The paper tackles action recognition by leveraging hierarchical action structures and contextual textual information to capture longer temporal dependencies. It introduces a vision-language Transformer that fuses RGB, optical-flow, and contextual text prompts (including past actions and location) and trains with a joint coarse- and fine-grained loss . A Hierarchical TSU dataset is proposed, extending TSU with two-level hierarchy and contextual labels, and the approach is validated on Hierarchical TSU, IkeaASM, and Assembly101, showing substantial gains over RGB-only baselines and competitive or superior performance versus state-of-the-art methods. The findings demonstrate that long-range textual context and hierarchical cues significantly improve action understanding in ADL settings, with practical implications for assistive technologies and industrial safety, while also highlighting the need for well-aligned hierarchies to avoid noise. The work provides strong baselines and rich ablations that quantify the impact of context, hierarchy, and fusion design on action recognition performance, and it releases code and annotations to support future research.

Abstract

We propose a novel approach to improve action recognition by exploiting the hierarchical organization of actions and by incorporating contextualized textual information, including location and previous actions, to reflect the action's temporal context.

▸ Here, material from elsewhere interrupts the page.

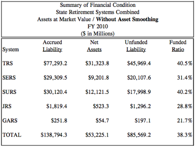 * But the Pew report is actually way off. According to the Commission on Governmental Forecasting and Accountability, total unfunded liability was $78 billion in FY 2009 (way above Pew’s $62 billion), and almost $86 billion by FY 2010.
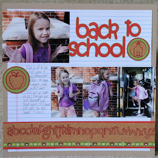 Being I have 4 kids that go to school each year, I get a bit behind on these back to school layouts! So this is from last year, my daughter on her way to kindergarten. You can get the Design Studio file for this page here... back to school

To achieve this, we introduce a transformer architecture tailored for action recognition that employs both visual and textual features. Visual features are obtained from RGB and optical flow data, while text embeddings represent contextual information. Furthermore, we define a joint loss function to simultaneously train the model for both coarse- and fine-grained action recognition, effectively exploiting the hierarchical nature of actions. To demonstrate the effectiveness of our method, we extend the Toyota Smarthome Untrimmed (TSU) dataset by incorporating action hierarchies, resulting in the Hierarchical TSU dataset, a hierarchical dataset designed for monitoring activities of the elderly in home environments. An ablation study assesses the performance impact of different strategies for integrating contextual and hierarchical data. Experimental results demonstrate that the proposed method consistently outperforms SOTA methods on the Hierarchical TSU dataset, Assembly101 and IkeaASM, achieving over a 17% improvement in top-1 accuracy.

Paper Structure

This paper contains 24 sections, 6 equations, 2 figures, 20 tables.

Figures (2)

  • Figure 1: Hierarchical annotation example in the TSU dataset. Video frames are annotated with fine-grained action labels, including composite activities (e.g., Make coffee). Each color corresponds to one of the coarse-grained action categories.
  • Figure 2: Overview of the proposed action recognition architecture. From a video input, frozen feature extractors obtain spatial features from RGB frames and temporal motion features from optical flow. These features, along with a class token, are processed through individual video transformer encoders for each visual modality, capturing long-range temporal dependencies. Dashed lines indicate the use of either RGB or flow features and their respective embeddings, though only a single video encoder is depicted for simplicity. Additionally, DistilBERT extracts textual features that represent the current location, previous actions and dataset context. Coarse-grained actions are recognized based on contextual information, specifically utilizing the textual embeddings while the fine-grained classifier leverages the fused features from the fusion transformer.